[Task requirements]
Search the entries below for "Габаритные размеры ШxВxГ: 510x1100x300 мм". Give that line and all the lines after it again, exactly, through the last, without pictures.

═══

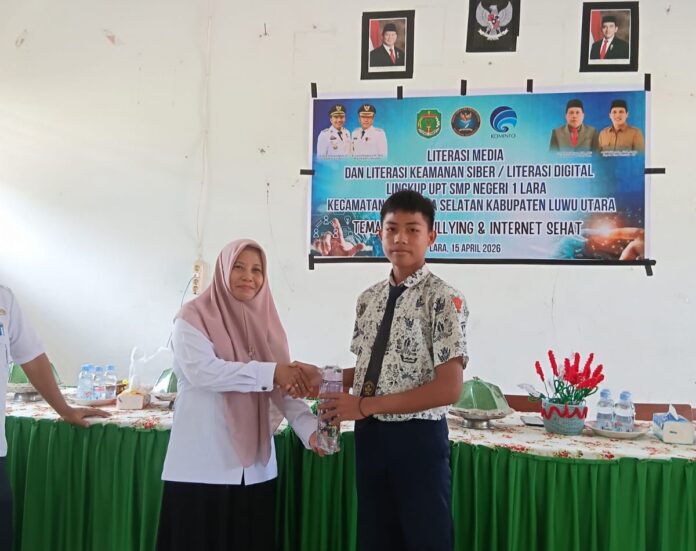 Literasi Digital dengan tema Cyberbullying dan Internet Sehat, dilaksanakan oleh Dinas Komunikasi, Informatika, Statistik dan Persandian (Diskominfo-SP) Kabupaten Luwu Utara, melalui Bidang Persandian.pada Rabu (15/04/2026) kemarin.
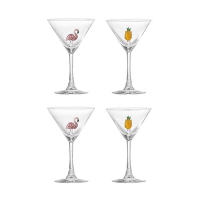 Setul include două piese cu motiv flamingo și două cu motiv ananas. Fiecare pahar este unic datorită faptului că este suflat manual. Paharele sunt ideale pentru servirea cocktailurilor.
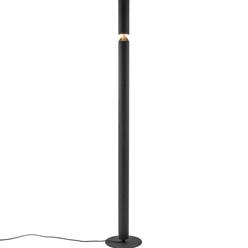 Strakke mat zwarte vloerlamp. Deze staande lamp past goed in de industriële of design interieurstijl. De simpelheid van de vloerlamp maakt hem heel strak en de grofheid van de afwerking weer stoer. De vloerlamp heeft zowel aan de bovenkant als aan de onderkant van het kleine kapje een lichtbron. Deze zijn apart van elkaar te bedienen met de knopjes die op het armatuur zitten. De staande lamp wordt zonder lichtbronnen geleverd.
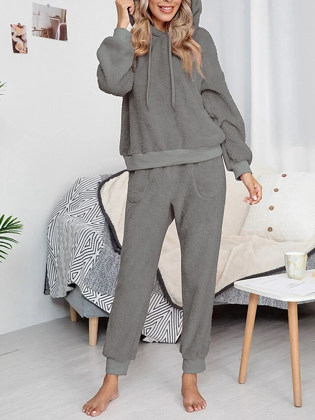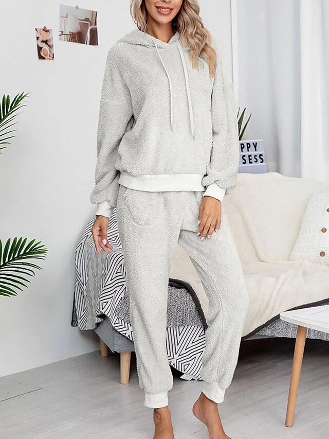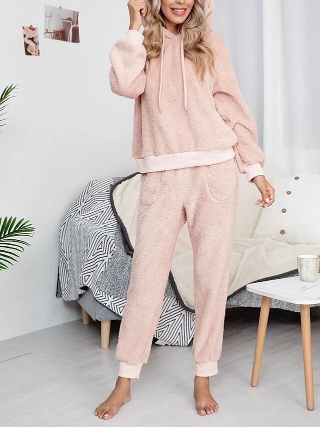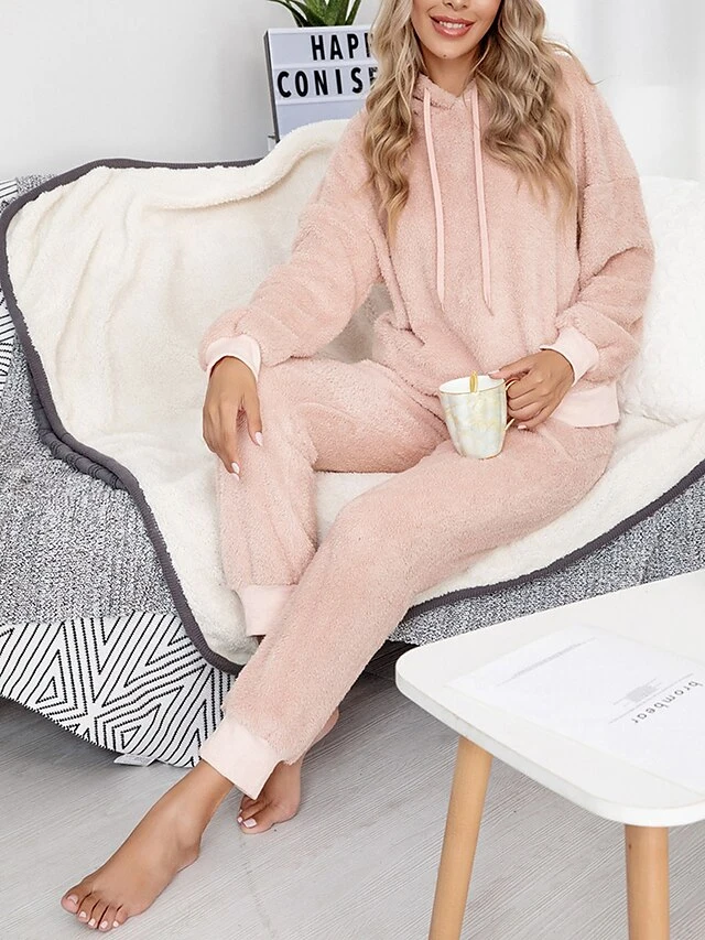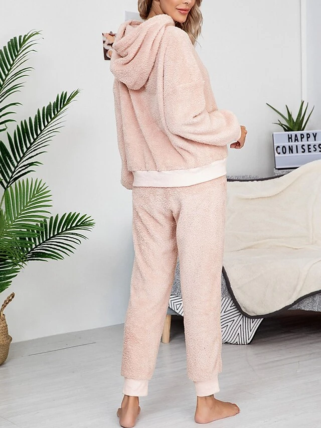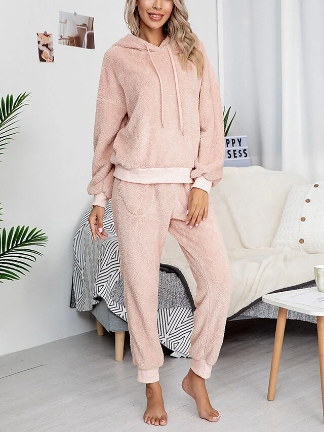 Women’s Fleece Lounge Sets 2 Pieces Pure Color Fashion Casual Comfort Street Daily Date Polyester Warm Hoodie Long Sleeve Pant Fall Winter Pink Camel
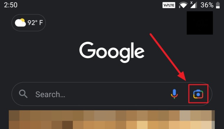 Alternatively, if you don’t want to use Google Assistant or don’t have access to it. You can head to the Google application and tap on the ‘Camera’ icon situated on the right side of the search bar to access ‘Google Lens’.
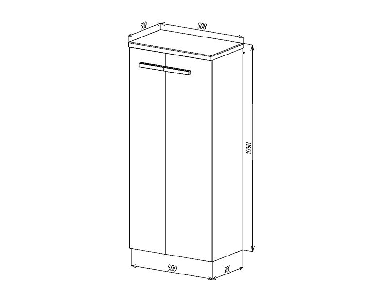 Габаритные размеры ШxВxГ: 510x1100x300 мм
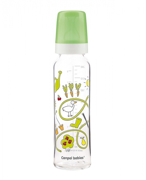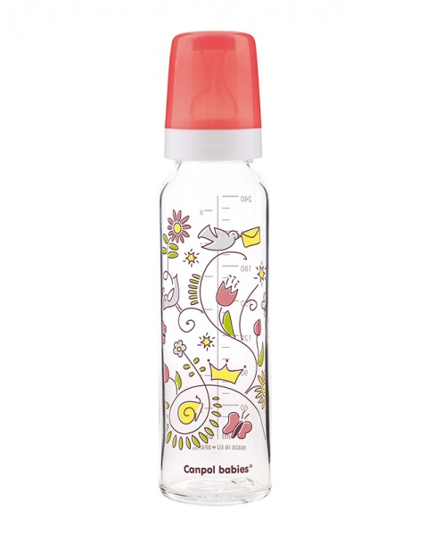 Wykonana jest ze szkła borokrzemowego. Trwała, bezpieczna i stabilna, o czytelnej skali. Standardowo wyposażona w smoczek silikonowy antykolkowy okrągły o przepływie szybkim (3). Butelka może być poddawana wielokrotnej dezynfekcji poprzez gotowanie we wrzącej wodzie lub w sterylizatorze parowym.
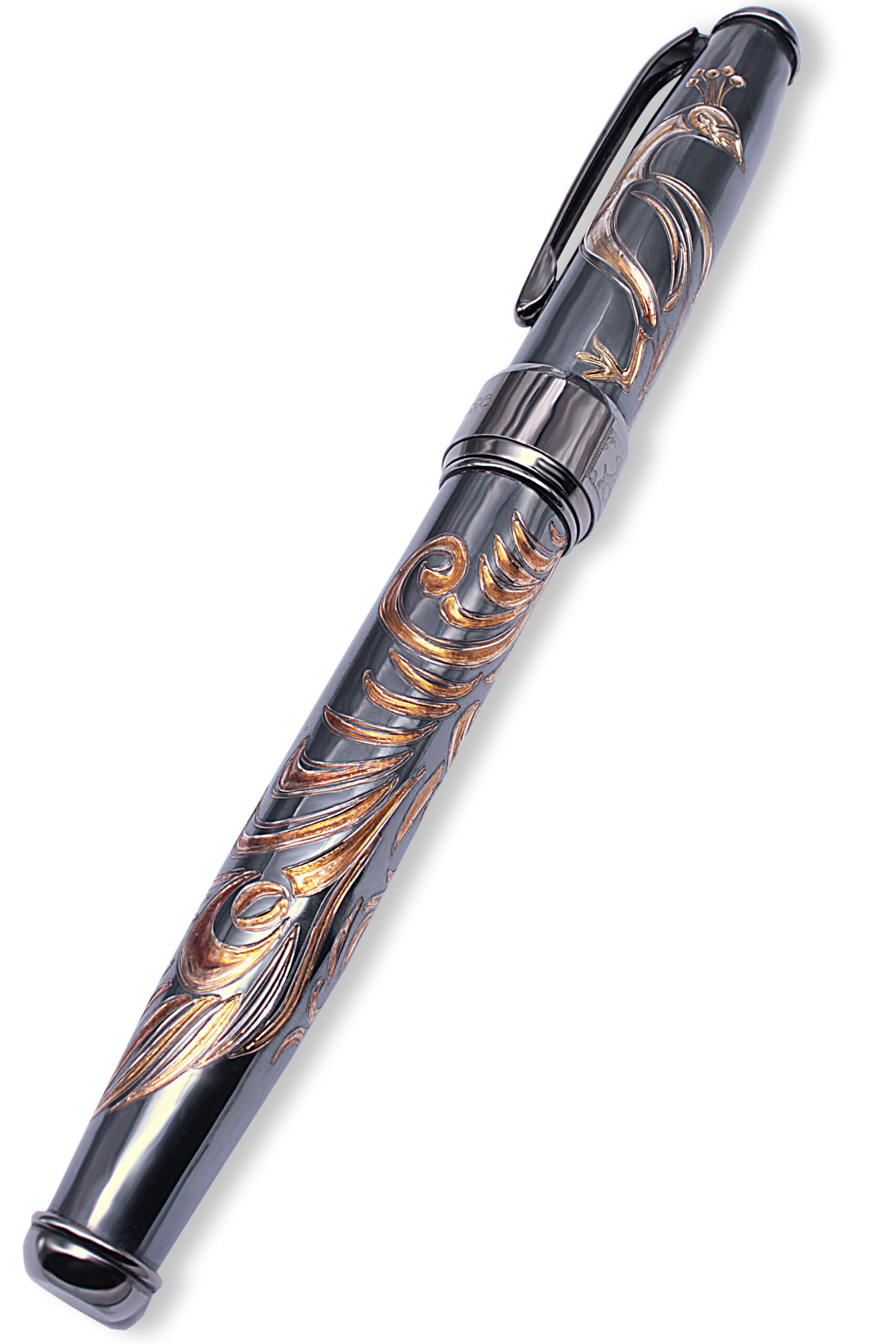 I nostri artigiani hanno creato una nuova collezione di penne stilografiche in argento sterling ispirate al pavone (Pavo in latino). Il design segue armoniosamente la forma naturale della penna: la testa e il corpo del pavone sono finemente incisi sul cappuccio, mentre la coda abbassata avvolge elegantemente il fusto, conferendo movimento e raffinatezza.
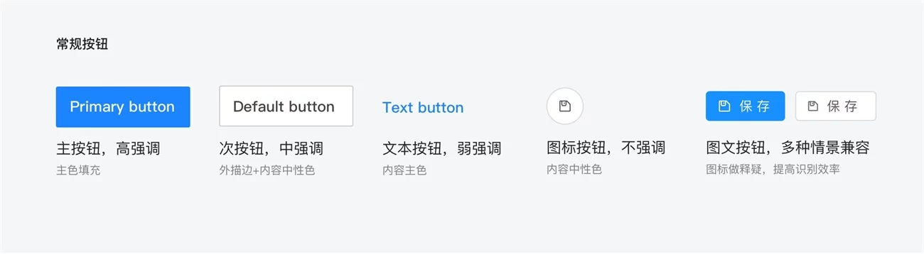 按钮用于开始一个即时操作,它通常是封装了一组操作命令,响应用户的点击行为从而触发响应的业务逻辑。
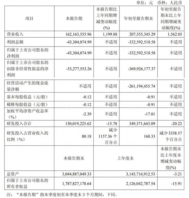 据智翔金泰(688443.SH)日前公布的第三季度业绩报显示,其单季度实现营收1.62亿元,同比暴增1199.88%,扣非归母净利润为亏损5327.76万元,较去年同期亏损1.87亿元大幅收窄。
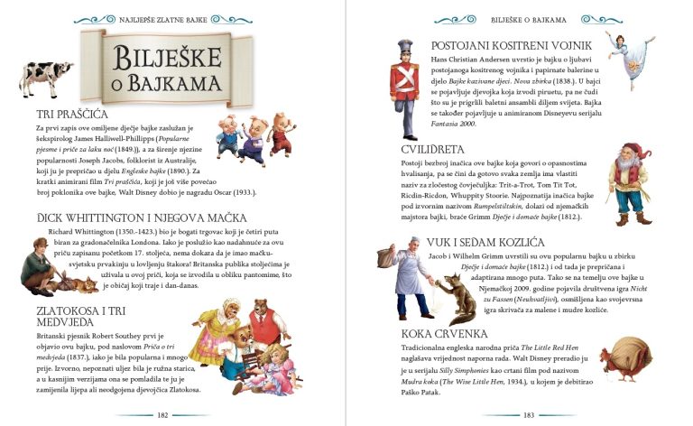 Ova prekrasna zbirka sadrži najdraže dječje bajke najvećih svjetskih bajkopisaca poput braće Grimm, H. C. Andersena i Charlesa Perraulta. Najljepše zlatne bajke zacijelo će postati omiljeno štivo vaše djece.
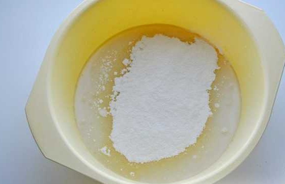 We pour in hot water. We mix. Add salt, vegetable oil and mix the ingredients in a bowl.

═══

[Reply to the exercise]
 Габаритные размеры ШxВxГ: 510x1100x300 мм
 Wykonana jest ze szkła borokrzemowego. Trwała, bezpieczna i stabilna, o czytelnej skali. Standardowo wyposażona w smoczek silikonowy antykolkowy okrągły o przepływie szybkim (3). Butelka może być poddawana wielokrotnej dezynfekcji poprzez gotowanie we wrzącej wodzie lub w sterylizatorze parowym.
 I nostri artigiani hanno creato una nuova collezione di penne stilografiche in argento sterling ispirate al pavone (Pavo in latino). Il design segue armoniosamente la forma naturale della penna: la testa e il corpo del pavone sono finemente incisi sul cappuccio, mentre la coda abbassata avvolge elegantemente il fusto, conferendo movimento e raffinatezza.
 按钮用于开始一个即时操作,它通常是封装了一组操作命令,响应用户的点击行为从而触发响应的业务逻辑。
 据智翔金泰(688443.SH)日前公布的第三季度业绩报显示,其单季度实现营收1.62亿元,同比暴增1199.88%,扣非归母净利润为亏损5327.76万元,较去年同期亏损1.87亿元大幅收窄。
 Ova prekrasna zbirka sadrži najdraže dječje bajke najvećih svjetskih bajkopisaca poput braće Grimm, H. C. Andersena i Charlesa Perraulta. Najljepše zlatne bajke zacijelo će postati omiljeno štivo vaše djece.
 We pour in hot water. We mix. Add salt, vegetable oil and mix the ingredients in a bowl.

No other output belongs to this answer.